Top of Data shown

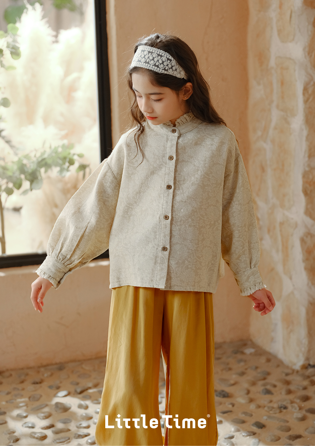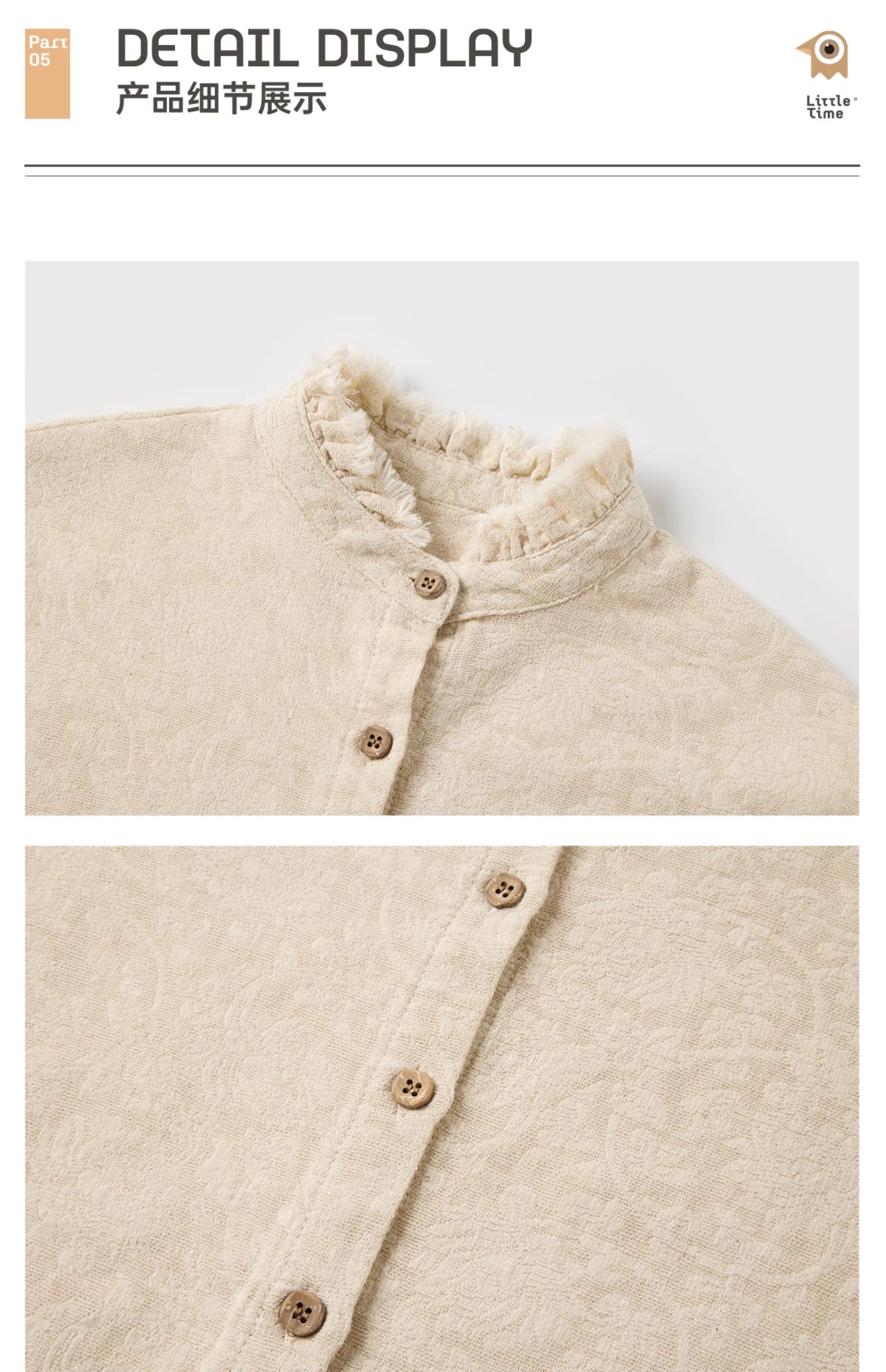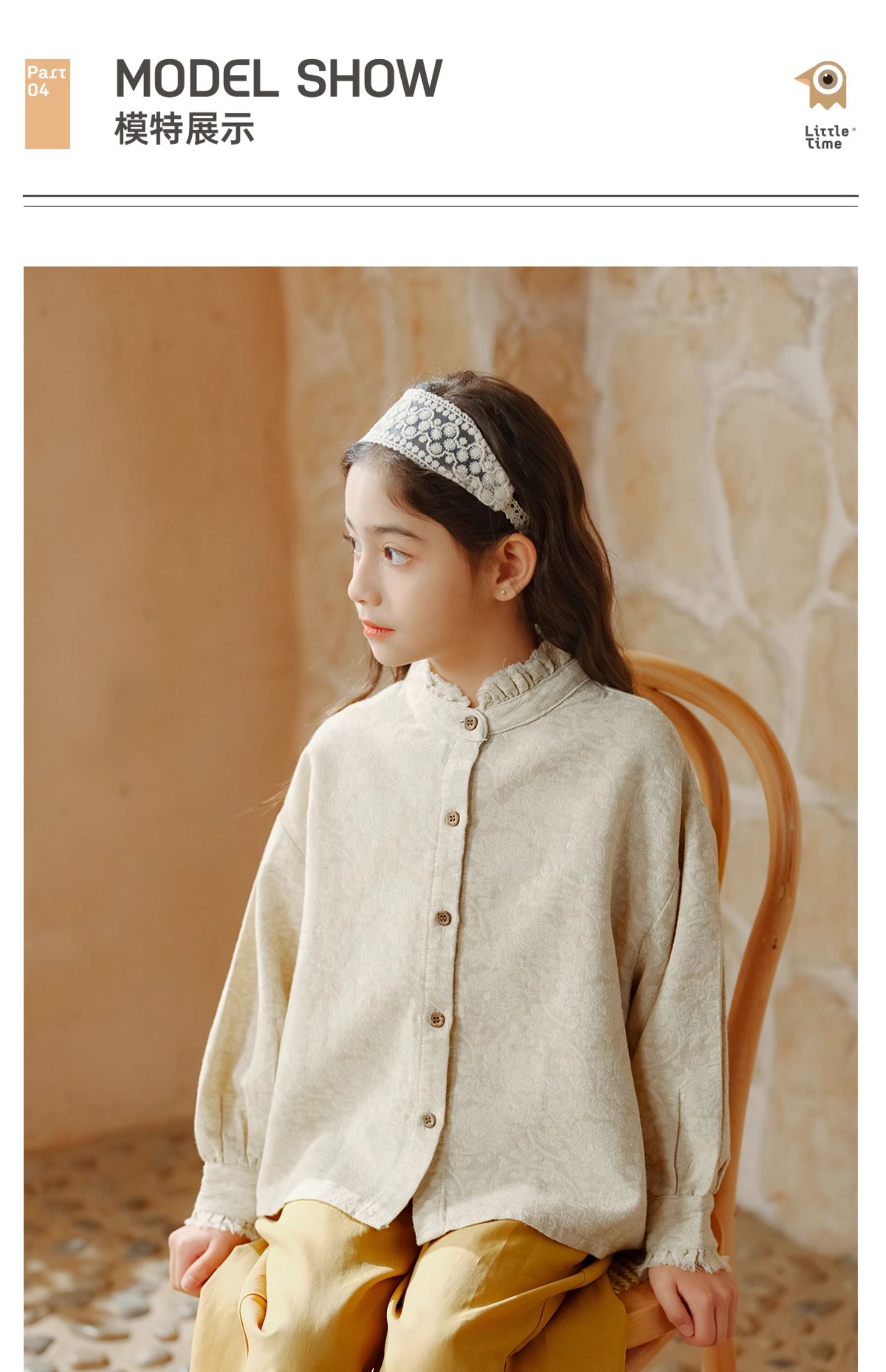 littletime女童衬衫2025春季新款棉衬衣宽松法式提花儿童长袖上衣
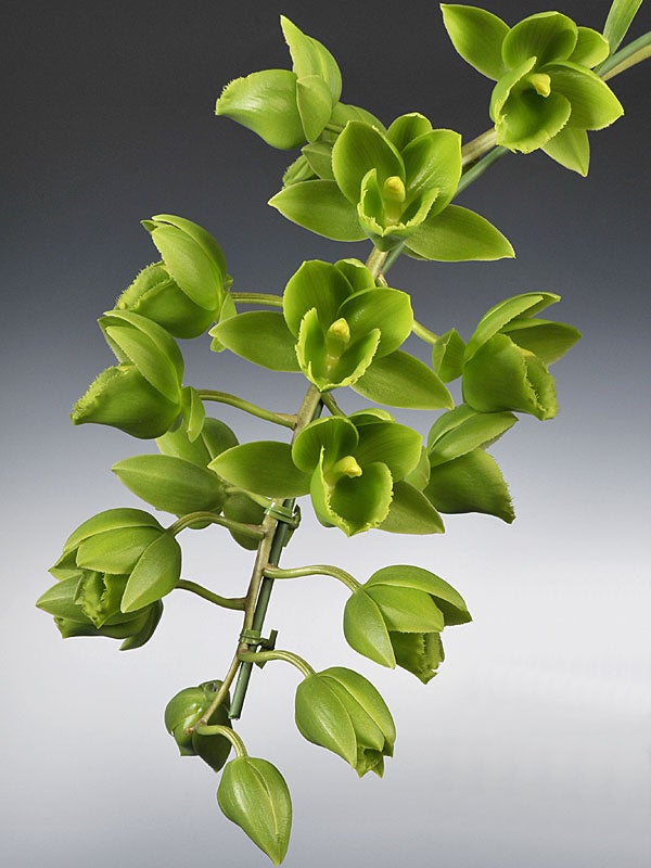 蘭というと胡蝶蘭やカトレヤがよく知られていますが、私たちは花の形も、色も、大きさも異なる、たくさんの種類の蘭を栽培しています。品種改良によって優れた色彩や形、大きさの花が次々と発表され、興味が尽きることはありません。蘭の花は素敵な香りも魅力ですし、今回特集している「タケノコ蘭」のように、株の姿に特徴があるものも あります。
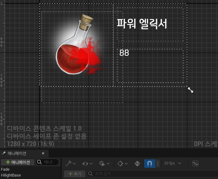 Fade애니메이션 -> 하이라이트애니메이션 -> Fade애니메이션 역순 으로 연출됩니다
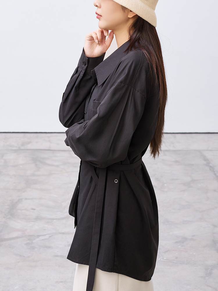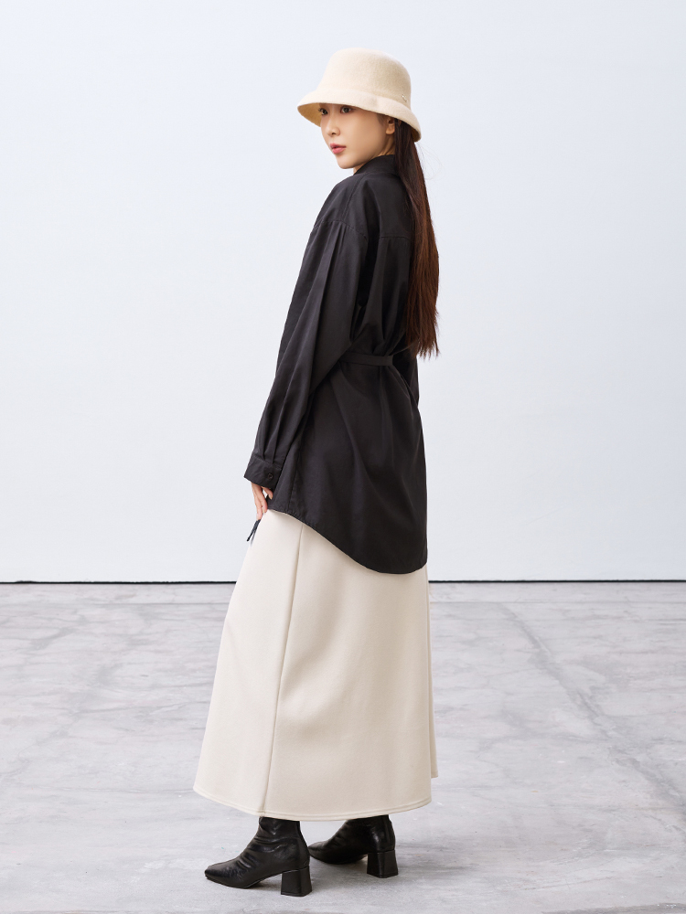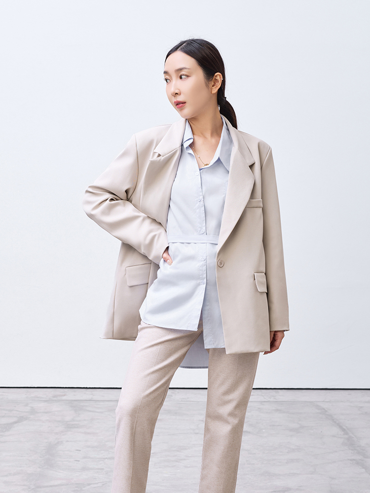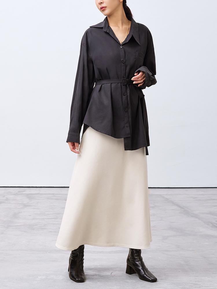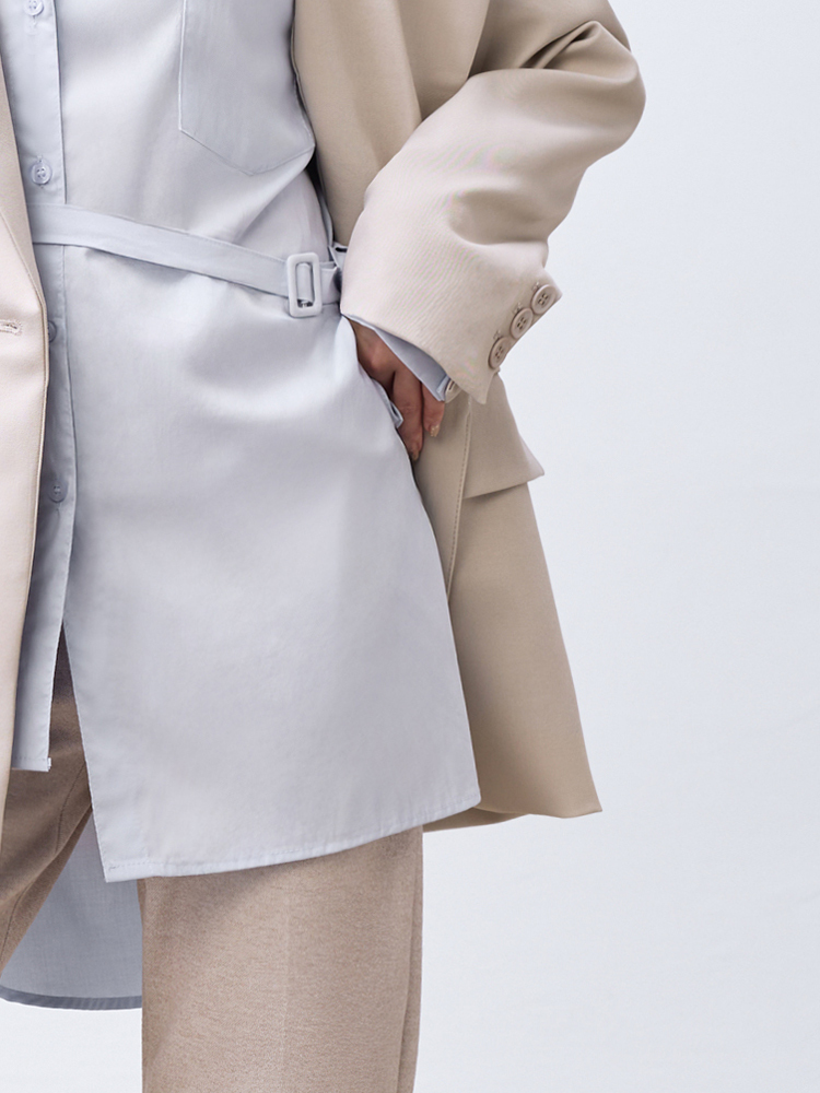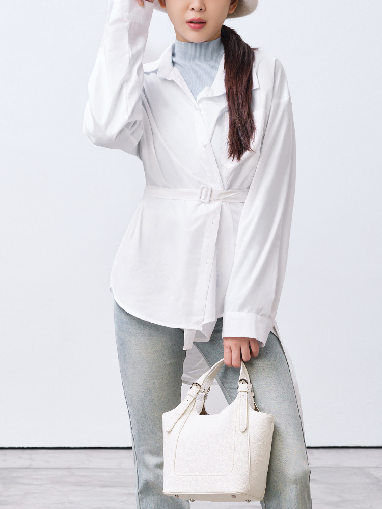 跳脫傳統襯衫版型,以不對稱線條打造層次視覺感,打造時尚風格
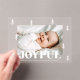 Celebrate the season with this festive acrylic Christmas card, featuring your horizontal photo surrounded by a charming border of white hand-drawn pine trees on a transparent acrylic background. The word "Joyful" is prominently displayed in bold white lettering, with space below to add your custom greeting and family name for a personal touch. Perfect for sharing holiday cheer, this custom pine tree holiday card combines natural charm with a modern acrylic design to create a truly memorable way to celebrate the season.
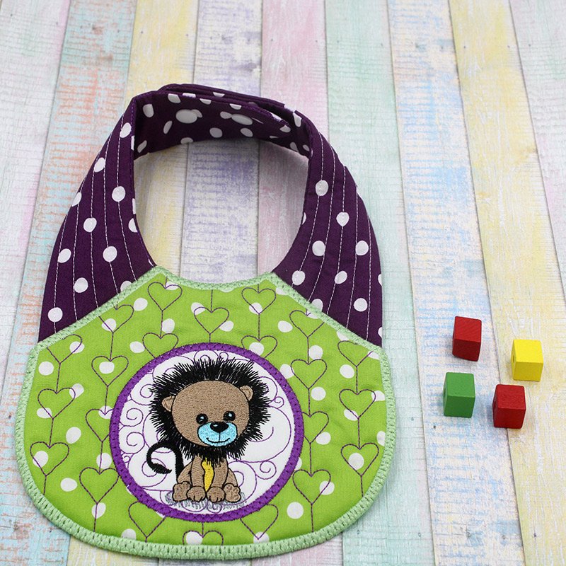 Η σαλιάρα είναι καπιτοναρισμένη σε σχήμα καρδιά και κεντημένη με λιοντάρι. Εσωτερικά έχει ενίσχυση από πολυέστερ υποαλλεργικό.

Bottom of Data shown

# Task to carry out
Only the lines from the line holding "跳脫傳統襯衫版型,以不對稱線條打造層次視覺感,打造時尚風格" through the last line above belong in the answer, repeated exactly; the pictures do not.

# Response area
 跳脫傳統襯衫版型,以不對稱線條打造層次視覺感,打造時尚風格
 Celebrate the season with this festive acrylic Christmas card, featuring your horizontal photo surrounded by a charming border of white hand-drawn pine trees on a transparent acrylic background. The word "Joyful" is prominently displayed in bold white lettering, with space below to add your custom greeting and family name for a personal touch. Perfect for sharing holiday cheer, this custom pine tree holiday card combines natural charm with a modern acrylic design to create a truly memorable way to celebrate the season.
 Η σαλιάρα είναι καπιτοναρισμένη σε σχήμα καρδιά και κεντημένη με λιοντάρι. Εσωτερικά έχει ενίσχυση από πολυέστερ υποαλλεργικό.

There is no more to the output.